What is being asked >> When writing out the entries below, keep only the lines from the line with "Description: A costume" to the line with "Detta är bröllopsinbjudan, med", both included, exactly as they are, and leave the pictures aside.

Extracted material >>
------------------------------------------------------------

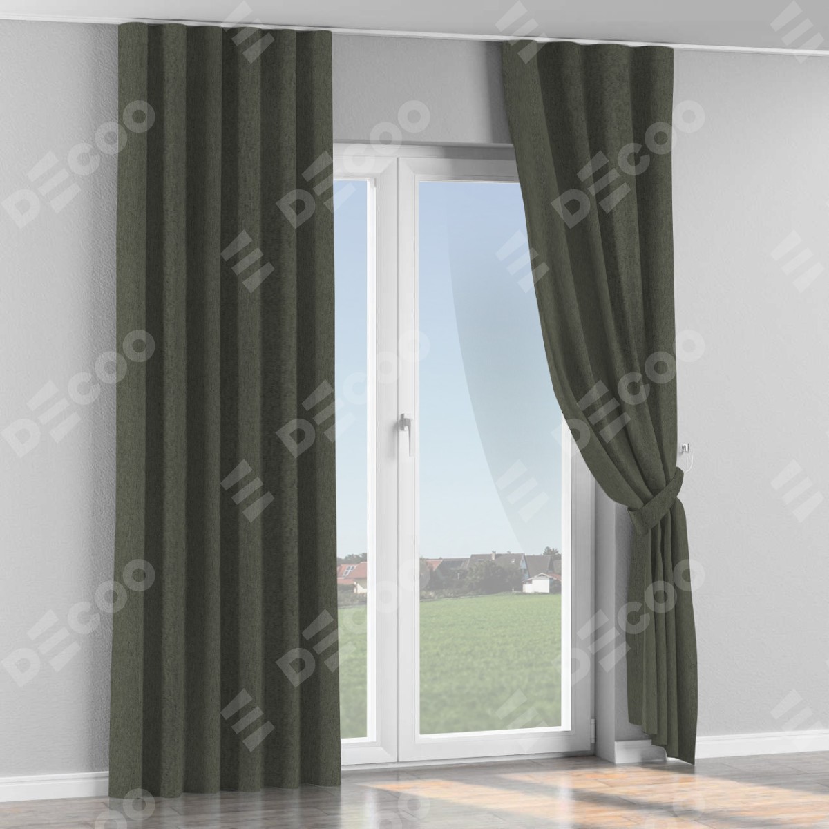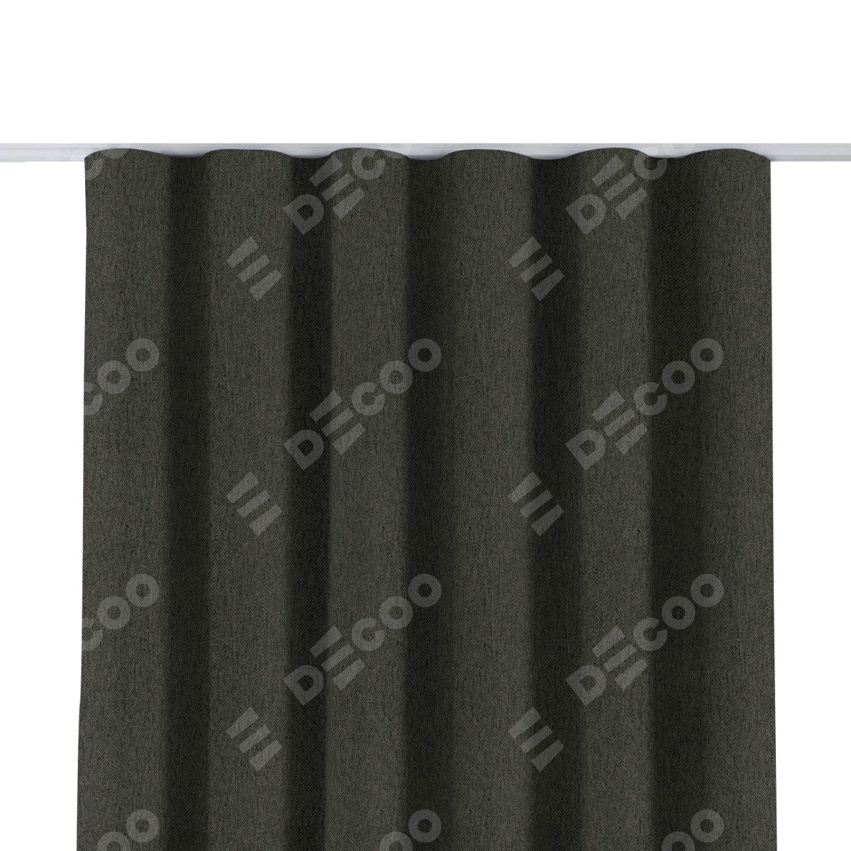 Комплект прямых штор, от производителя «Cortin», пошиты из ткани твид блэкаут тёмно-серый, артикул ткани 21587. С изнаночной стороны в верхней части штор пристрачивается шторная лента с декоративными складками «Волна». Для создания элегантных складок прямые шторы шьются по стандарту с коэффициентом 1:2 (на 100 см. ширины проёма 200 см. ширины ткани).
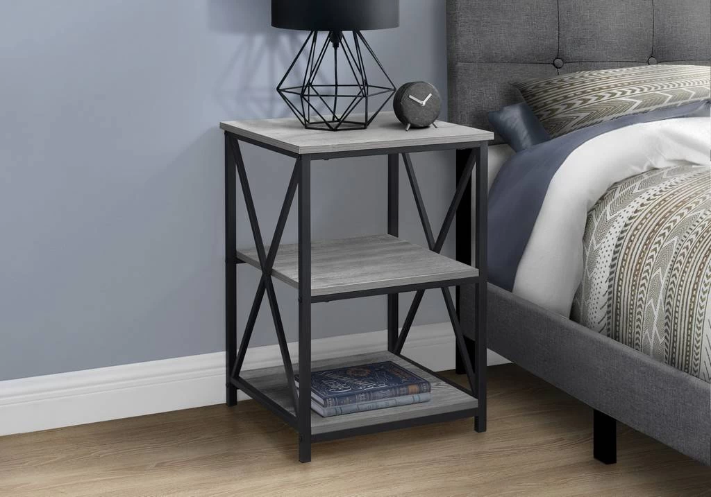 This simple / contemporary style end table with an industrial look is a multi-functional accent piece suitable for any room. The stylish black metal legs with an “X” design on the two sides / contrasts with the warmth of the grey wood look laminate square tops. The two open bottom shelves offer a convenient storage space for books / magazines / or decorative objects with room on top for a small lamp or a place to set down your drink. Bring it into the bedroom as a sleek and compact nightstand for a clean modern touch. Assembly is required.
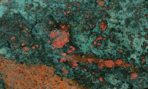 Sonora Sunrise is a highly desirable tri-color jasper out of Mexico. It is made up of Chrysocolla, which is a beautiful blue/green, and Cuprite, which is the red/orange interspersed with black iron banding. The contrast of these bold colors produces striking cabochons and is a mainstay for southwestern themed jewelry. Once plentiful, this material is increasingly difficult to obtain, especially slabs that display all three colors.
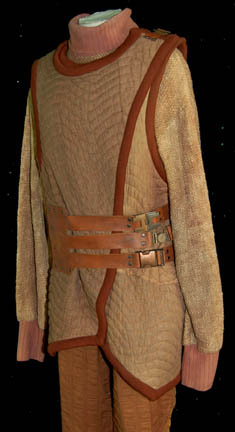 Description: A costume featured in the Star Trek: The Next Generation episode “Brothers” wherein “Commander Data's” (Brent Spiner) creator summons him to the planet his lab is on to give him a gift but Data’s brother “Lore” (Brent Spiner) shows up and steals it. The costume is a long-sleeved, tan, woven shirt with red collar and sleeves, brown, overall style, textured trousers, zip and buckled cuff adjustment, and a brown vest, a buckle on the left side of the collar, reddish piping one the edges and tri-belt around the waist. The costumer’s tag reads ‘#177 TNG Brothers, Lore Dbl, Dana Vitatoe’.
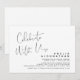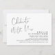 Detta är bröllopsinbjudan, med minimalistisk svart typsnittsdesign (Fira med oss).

------------------------------------------------------------

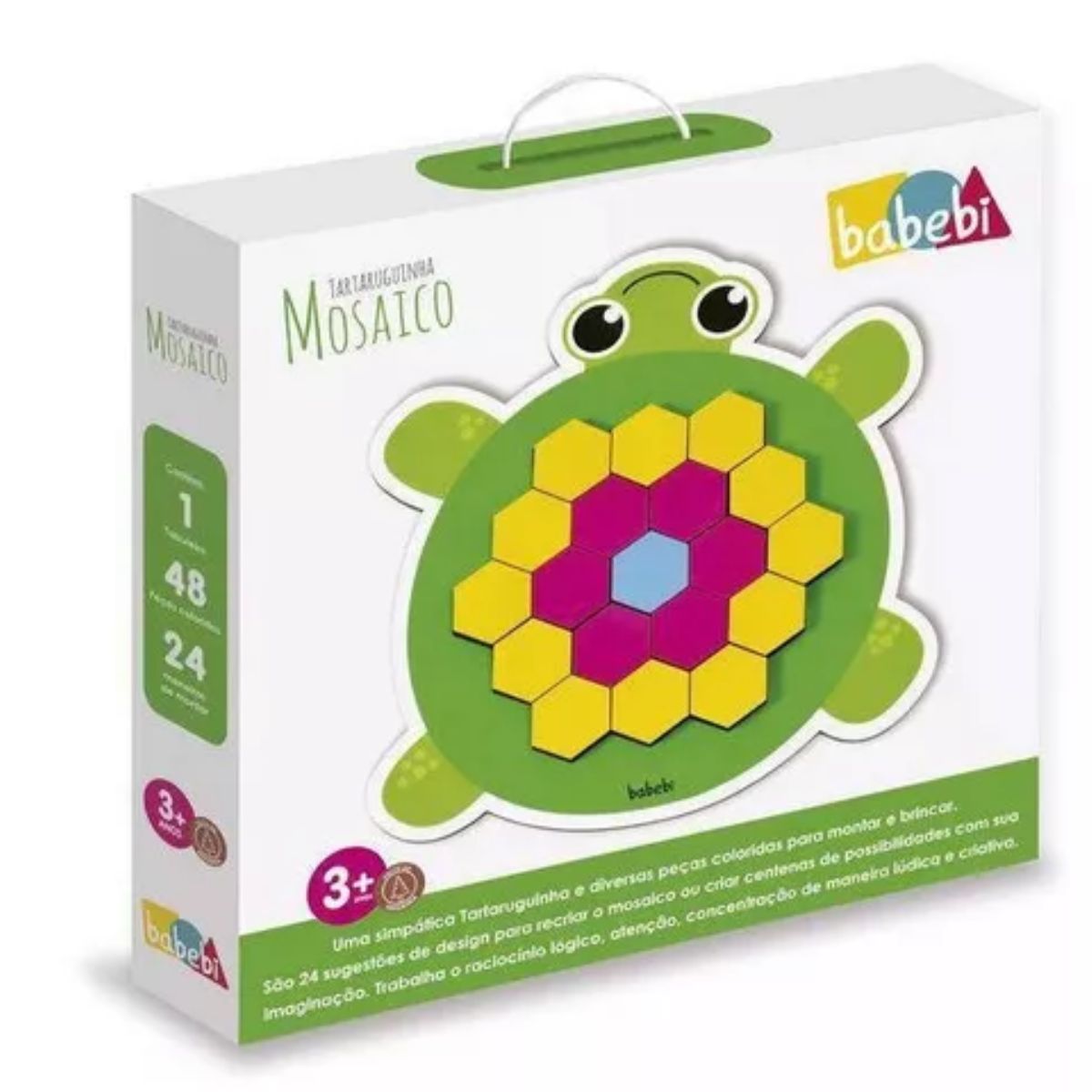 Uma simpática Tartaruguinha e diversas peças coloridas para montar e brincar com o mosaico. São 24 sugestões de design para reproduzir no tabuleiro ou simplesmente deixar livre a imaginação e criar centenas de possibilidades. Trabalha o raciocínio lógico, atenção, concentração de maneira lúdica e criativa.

------------------------------------------------------------

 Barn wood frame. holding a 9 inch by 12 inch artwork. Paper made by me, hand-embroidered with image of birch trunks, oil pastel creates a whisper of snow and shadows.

------------------------------------------------------------

Response >>
 Description: A costume featured in the Star Trek: The Next Generation episode “Brothers” wherein “Commander Data's” (Brent Spiner) creator summons him to the planet his lab is on to give him a gift but Data’s brother “Lore” (Brent Spiner) shows up and steals it. The costume is a long-sleeved, tan, woven shirt with red collar and sleeves, brown, overall style, textured trousers, zip and buckled cuff adjustment, and a brown vest, a buckle on the left side of the collar, reddish piping one the edges and tri-belt around the waist. The costumer’s tag reads ‘#177 TNG Brothers, Lore Dbl, Dana Vitatoe’.
 Detta är bröllopsinbjudan, med minimalistisk svart typsnittsdesign (Fira med oss).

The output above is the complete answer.